Give it ten years and the Premiership will be in Beijing
I have a prediction to make - a long-term one, the sort Gordon prefers, not one of these short-term, easy, obvious ones, such as Berbatov will not be at Spurs next season, Ronaldo will not be at Man United two seasons ahead.
It came to me while watching the new Indian cricket league, not that I know anything about cricket. But then I don't know anything about television or modern pop music or film stars or chefs - God, what a lot I don't know about - yet it doesn't stop me looking at all those blurry snaps of celebs at parties in the Evening Standard's magazine and elsewhere and thinking, all these people, and I couldn't name one.
The new Indian Premier League, which might well fail totally, has attracted the world's best cricketers to play for brand-new clubs over a six-week season - and all it's taken to attract them is money, vast amounts of it.
What's fascinating to me is that it's happened in India, not England or Australia.

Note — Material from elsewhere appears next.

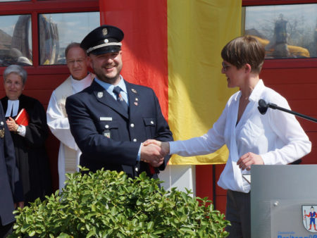 Kommandant Matthias Eichhorn informierte in seinen Grußworten über die Einsatzmöglichkeiten des HLF 20/16, angefangen bei der Personenrettung oder bei Unwettern. Denn es verfügt auch über eine Schmutzwasserpumpe. Zusätzlich steht eine Beleuchtungsausrüstung bereit, um etwa Unfallstellen bei Nacht übersichtlicher zu machen. Man habe sich bei der Zusammenstellung durch einen regelrechten „Angebotsdschungel“ kämpfen müssen, so Eichhorn.
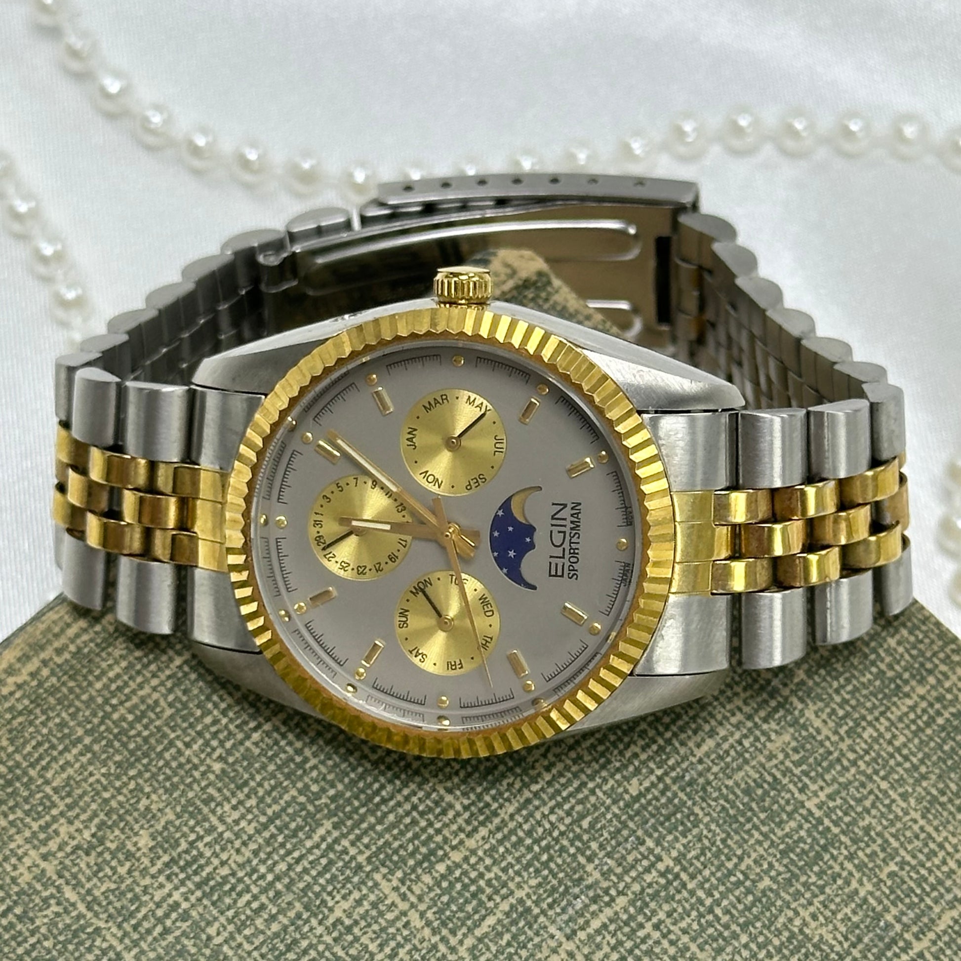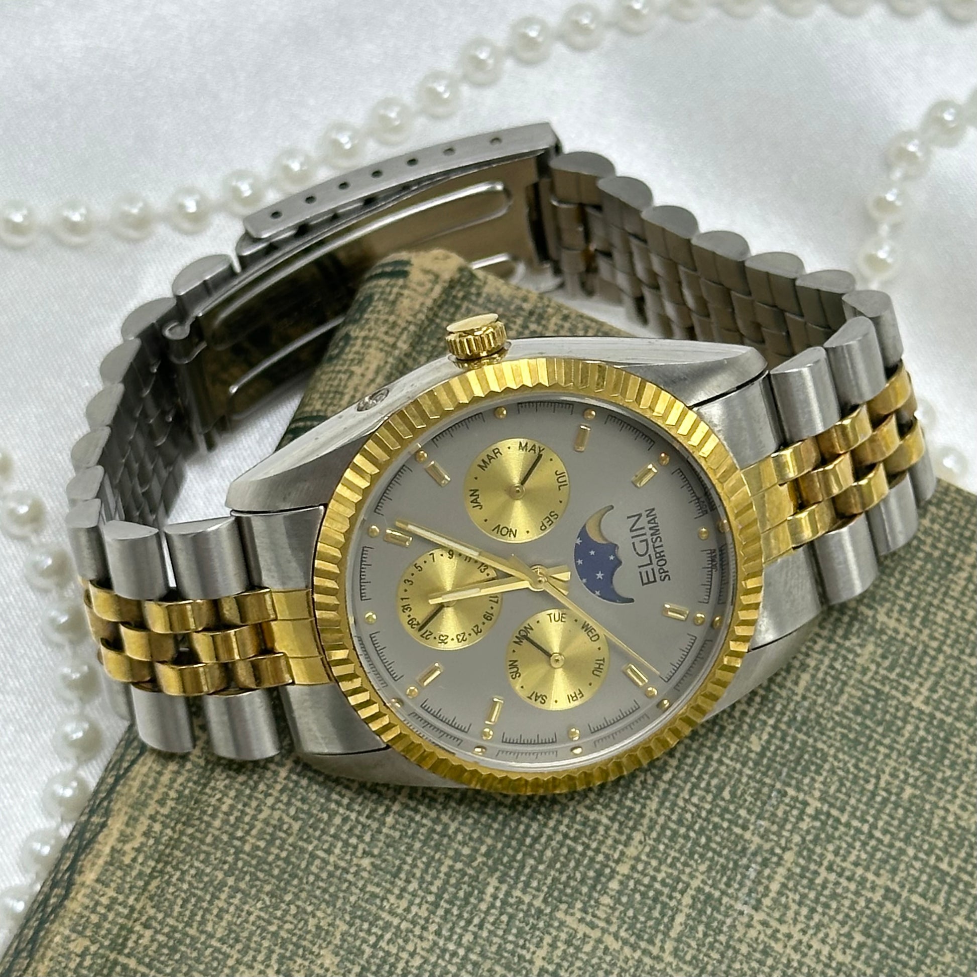 Silver and gold tone Elgin Sportsman moon phase watch with day, date, and month dial.

I always assumed England and Oz were the heartlands of cricket. Also they're countries with huge amounts of money plus marketing, advertising, television and business moguls, and those were the obvious cynical prats - I mean visionaries - capable of dreaming up this whole project. I know Indians love the game, but not to the extent of creating this Harlem Globetrotters parody of cricket.
But of course it all makes sense. India is a huge country, far bigger than England, economically buoyant, growing fast, with scores of billionaires willing to invest in something that might make them popular, give them a better global profile, be fun, and make them even more money. In other words, they are behaving like all the other foreign billionaires who have invested in our Premier League.
Now that is short-term, and the money will move on soon, when things change. After all, England is small, only 50 million people. There are bigger countries in Europe, such as Germany with 82 million, or in South America, with Brazil at 190 million. Why aren't their leagues paying the best wages in football? It stands to reason that eventually some other football-mad and also prosperous country will get its financial and marketing act together - and then the world's best players will gravitate there.
It's the money that attracts them, not our weather or food, about which they moan all the time. Andriy Voronin of Liverpool has even been complaining about our medical services, cheeky sod. We can do that, but foreigners can't. The net result, as we all know, is that home-grown players can't get into the Arsenal team or even into the Chelsea youth team which got to the youth final. That did surprise me - eight had been brought from abroad and three from Yorkshire. It's child abduction.
But it won't be a European or South American country which eventually usurps our Prem. India has given us a clue as to what is more likely to happen.
I should have thought about it earlier. Two years ago I did a little interview about football for Chinese national radio - a weekly half-hour radio prog called UK Soccer Review, listened to by 58 million. One little radio prog!
Wait till they've all got TV. Wait till they're all wearing repro shirts. Wait till China is a world superpower with merchandising and media moguls who have trillions to burn.
I give it ten years. In 2018, the top foreigners will have left England and be playing in the CPL - Chinese Premier League, named in English, for global exposure. You read it here first.